▶ Directions
Nothing but a verbatim copy of the data, minus the images, should be returned.

** Available data follows **

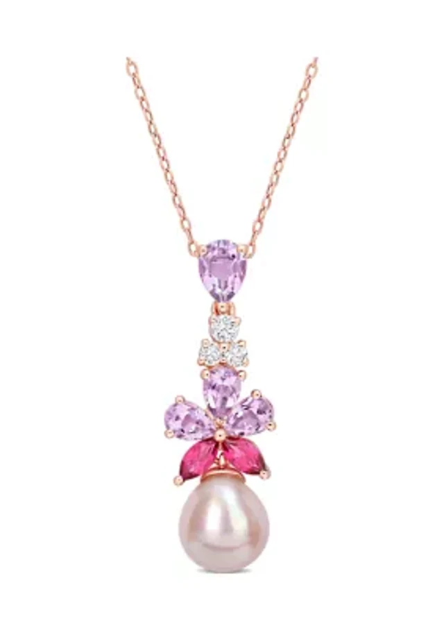 2-Piece Set of 8.5-10MM Pink Freshwater Cultured Pearl and 4.82 ct. t.g.w. Rose De France, Pink and White Topaz Earrings and Pendant with Chain in 18K Rose Gold Plated Sterling Silver
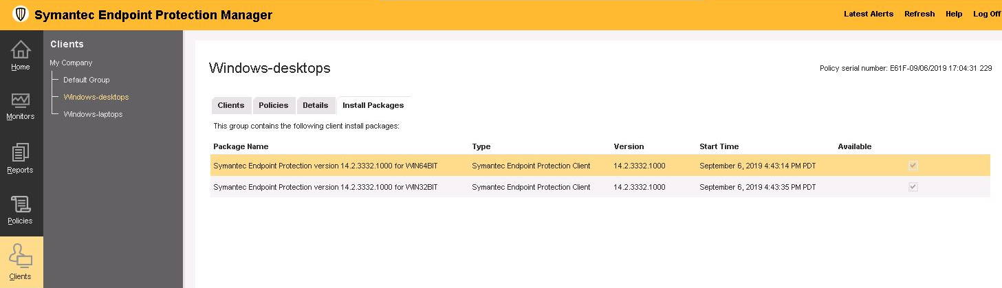 - In SEPM, create client packages for client hosts and group them into SEPM groups.
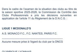 根據(jù)對2025-2026賽季職業(yè)俱樂部狀況的審查,職業(yè)俱樂部監(jiān)管委員會依據(jù)DNCG章程第11條作出如下決定:
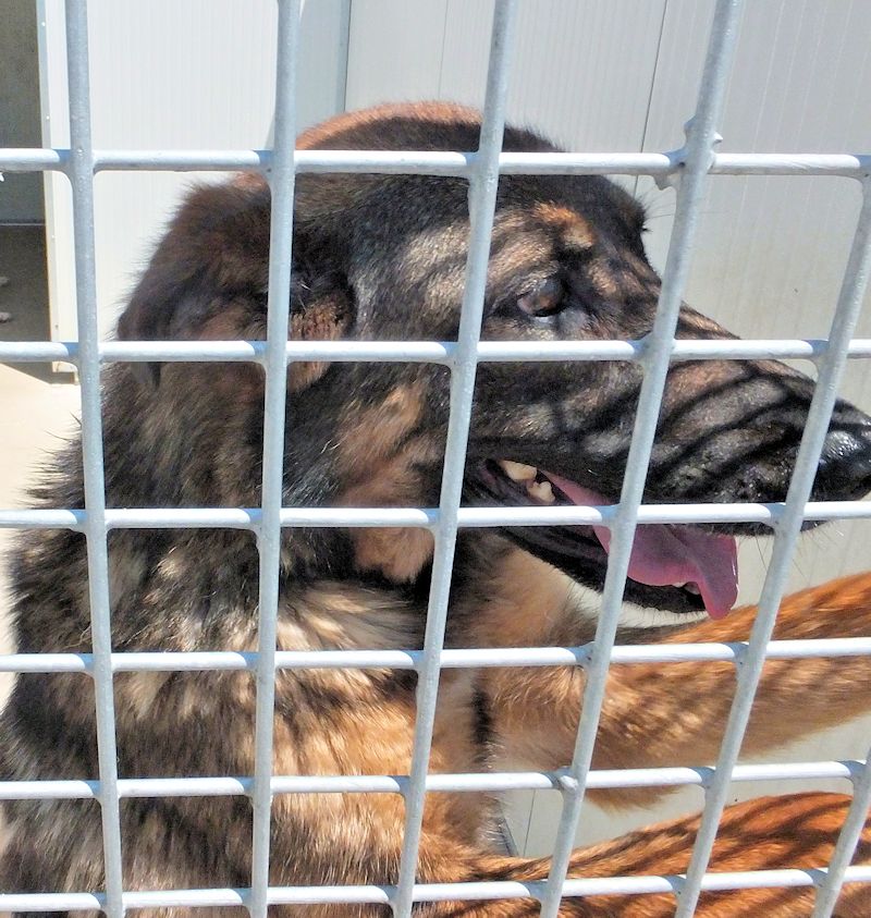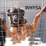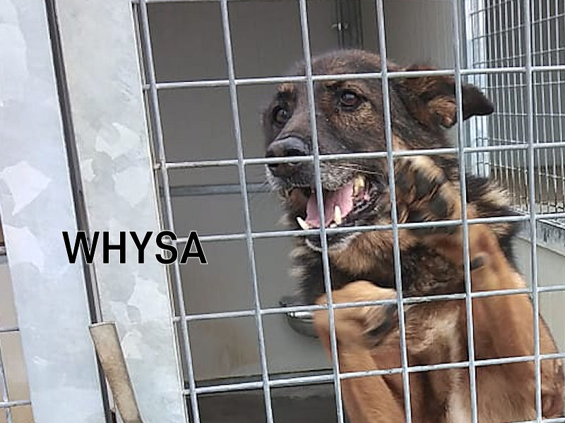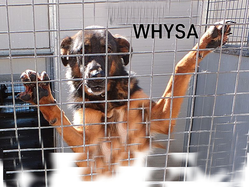 Vhysa derivato lupoide di taglia mediogrande, sui 26 kg, è nata ad aprile 2013, è servita come giocattolo per qualche mese ed è stata abbandonata finendo in canile a sette mesi, a novembre 2013. Ormai anziana, morira’ in quel box ?

** End of Available data **

▶ Answer space
 2-Piece Set of 8.5-10MM Pink Freshwater Cultured Pearl and 4.82 ct. t.g.w. Rose De France, Pink and White Topaz Earrings and Pendant with Chain in 18K Rose Gold Plated Sterling Silver
 - In SEPM, create client packages for client hosts and group them into SEPM groups.
 根據(jù)對2025-2026賽季職業(yè)俱樂部狀況的審查,職業(yè)俱樂部監(jiān)管委員會依據(jù)DNCG章程第11條作出如下決定:
 Vhysa derivato lupoide di taglia mediogrande, sui 26 kg, è nata ad aprile 2013, è servita come giocattolo per qualche mese ed è stata abbandonata finendo in canile a sette mesi, a novembre 2013. Ormai anziana, morira’ in quel box ?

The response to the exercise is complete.